Please reproduce exactly, and only, the line containing "電気はどこから来るの?" and every line after it to the end of the records below, leaving out all pictures.

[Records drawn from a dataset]
· · · · · · ·

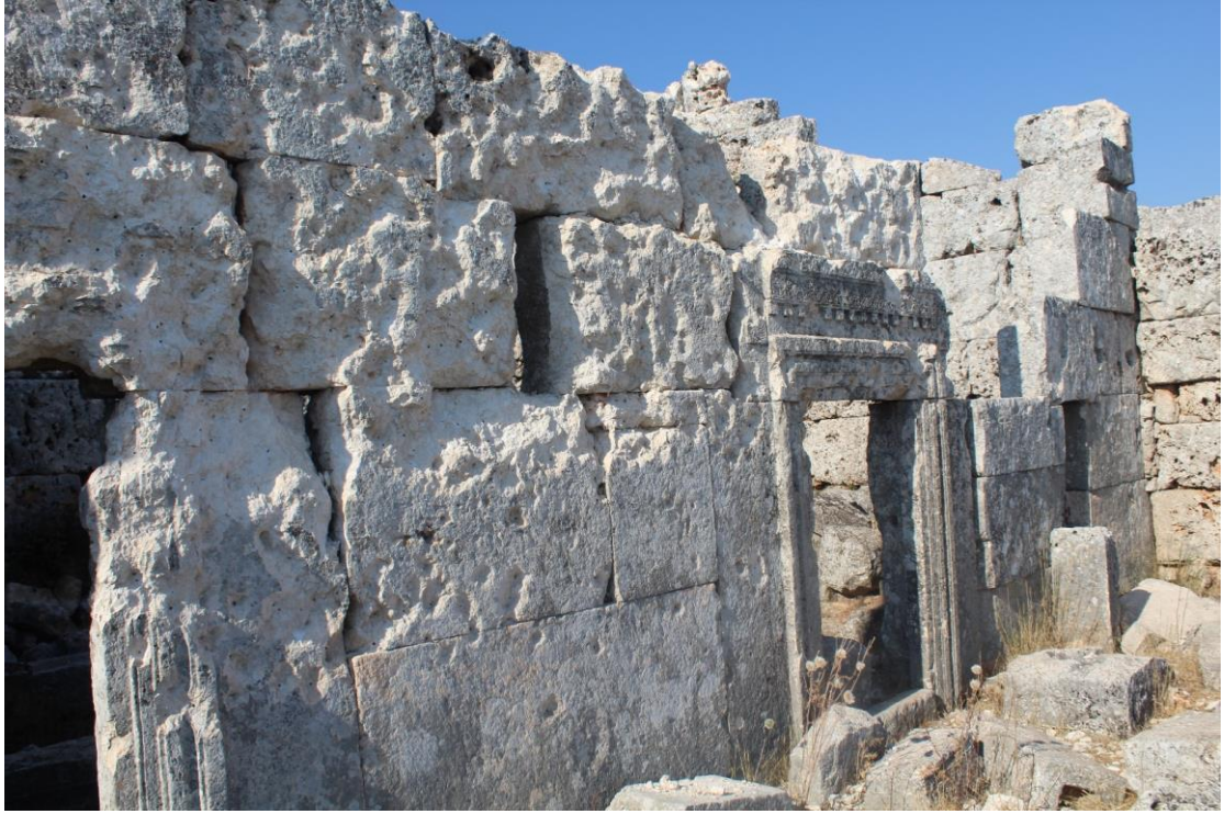
تعرض جدران هذا البناء لضرر كبير في احدى فترات الصراع (آثار الرصاص واضحة التأثير)
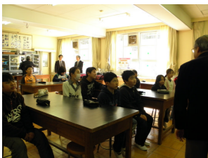
電気はどこから来るの?
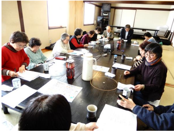
（菊水南西の地域交流会 2月22日）

「健康相談会」は今年度合計で90 回の開催となり、年度目標には10回 分届きませんでした。昨年より32 回増えました。「地域交流会」では、 9月と10月の月間で聞き取りしたア ンケートを地域ごとに集約して説明 したり、友の会新聞の手配り活動で の苦労話など、地域の健康づくりの 話などが出されました。 また、札幌病院では1月末から2月 末まで「健診のお誘い」と「友の会員 の拡大」・「署名の訴え」でロビー行動 を行い、健康診断の利用者増に
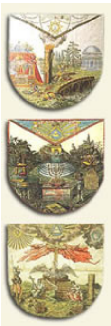
Sorturi ale Ordinului II, III și IV ale Ritului Francez. Modele propuse de Casa Guerin în timpul Primului Imperiu

· · · · · · ·

» WORKED SOLUTION:
電気はどこから来るの?
（菊水南西の地域交流会 2月22日）

「健康相談会」は今年度合計で90 回の開催となり、年度目標には10回 分届きませんでした。昨年より32 回増えました。「地域交流会」では、 9月と10月の月間で聞き取りしたア ンケートを地域ごとに集約して説明 したり、友の会新聞の手配り活動で の苦労話など、地域の健康づくりの 話などが出されました。 また、札幌病院では1月末から2月 末まで「健診のお誘い」と「友の会員 の拡大」・「署名の訴え」でロビー行動 を行い、健康診断の利用者増に
Sorturi ale Ordinului II, III și IV ale Ritului Francez. Modele propuse de Casa Guerin în timpul Primului Imperiu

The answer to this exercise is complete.